**What is required**
Whenever a picture appears in the data, skip it and write out all other material exactly.

**Data below**
☆ ☆ ☆ ☆ ☆ ☆ ☆

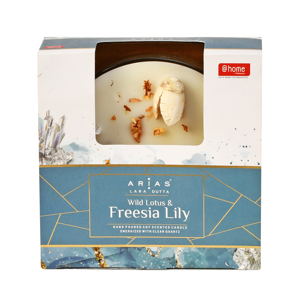 Fill your room with the soul-soothing aroma of the Nilkamal Homes ARIAS by Lara Dutta scented candles. This soy and palm wax candle, placed in a glass bowl, emits a lovely fragrance of wild lotus and freesia lily for 20 hours. Its pleasant aroma is ideal for experiencing relaxing aromatherapy in the comfort of your own home. Get the ARIAS by Lara Dutta candles for yourself or a loved one today.
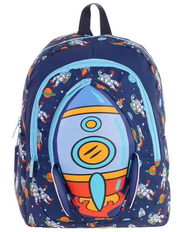 Lacivert renkte ve 3D roket tasarımlı olan çanta, çocukların ilgisini çeken şık bir görünüme sahiptir. Fermuarlı üç bölmesi bulunur: geniş ana bölme, orta bölme ve kalemlik olarak kullanılabilen ön cep. A4 formatında kitap ve resim defteri için geniş alan, özel iç bölme ve çantanın her iki yanında su şişesi veya matara için cepler bulunmaktadır.
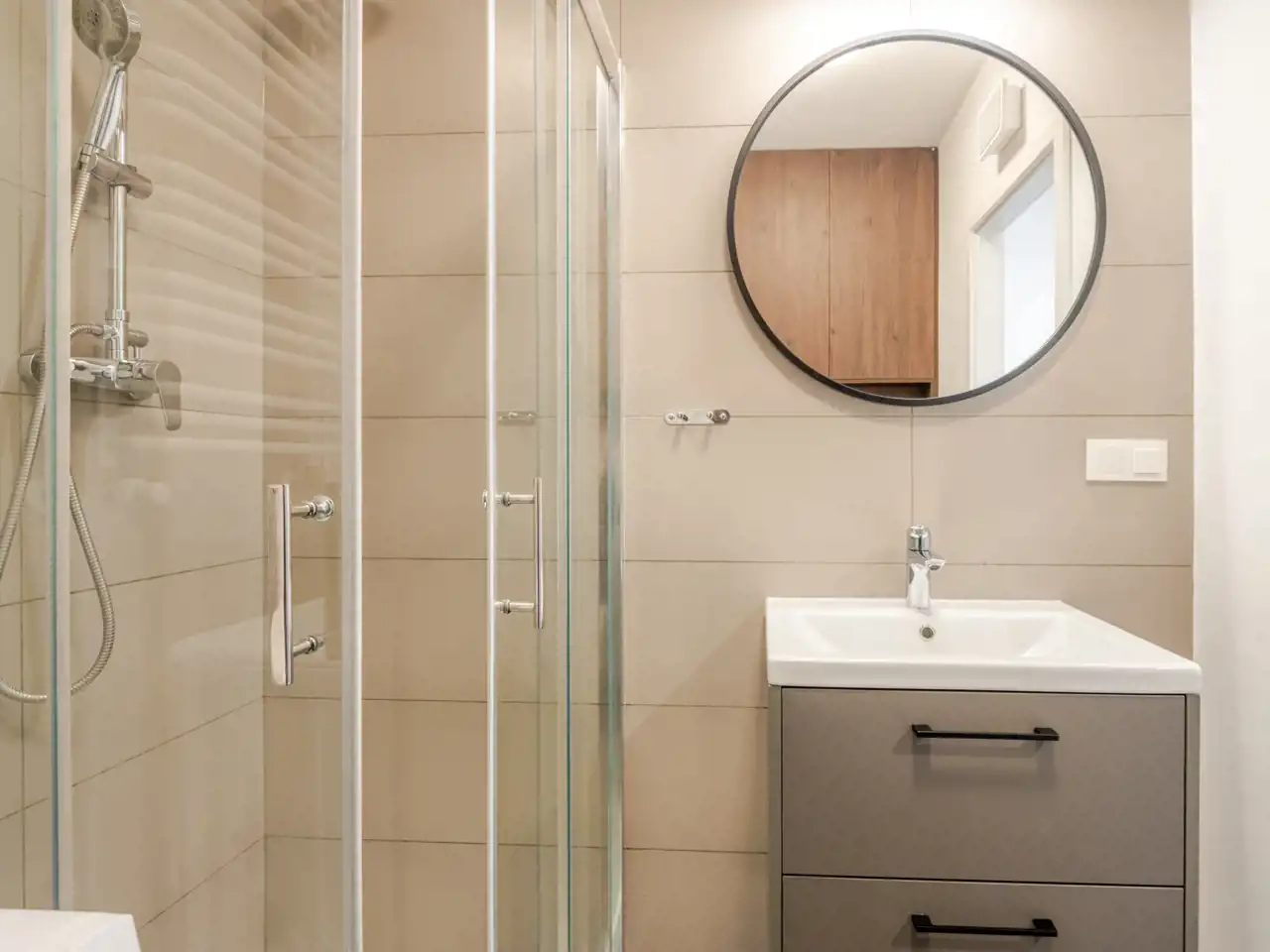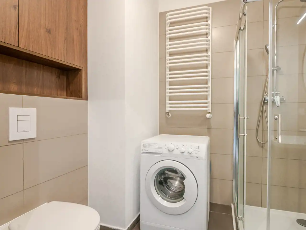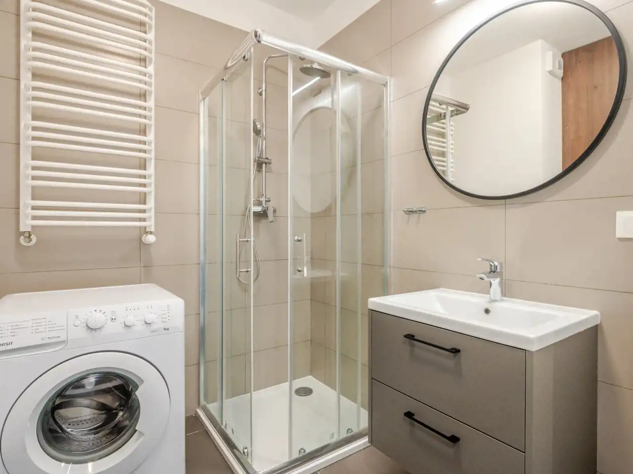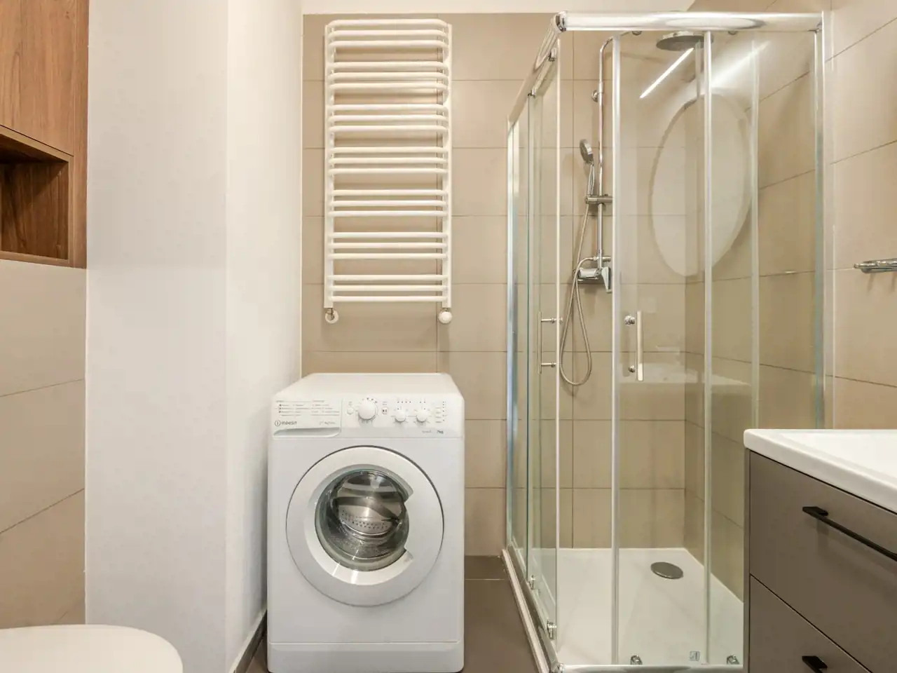 łazienkę z prysznicem, pralką, szafką pod umywalką i półkami na kosmetyki.

☆ ☆ ☆ ☆ ☆ ☆ ☆

**Exercise response**
 Fill your room with the soul-soothing aroma of the Nilkamal Homes ARIAS by Lara Dutta scented candles. This soy and palm wax candle, placed in a glass bowl, emits a lovely fragrance of wild lotus and freesia lily for 20 hours. Its pleasant aroma is ideal for experiencing relaxing aromatherapy in the comfort of your own home. Get the ARIAS by Lara Dutta candles for yourself or a loved one today.
 Lacivert renkte ve 3D roket tasarımlı olan çanta, çocukların ilgisini çeken şık bir görünüme sahiptir. Fermuarlı üç bölmesi bulunur: geniş ana bölme, orta bölme ve kalemlik olarak kullanılabilen ön cep. A4 formatında kitap ve resim defteri için geniş alan, özel iç bölme ve çantanın her iki yanında su şişesi veya matara için cepler bulunmaktadır.
 łazienkę z prysznicem, pralką, szafką pod umywalką i półkami na kosmetyki.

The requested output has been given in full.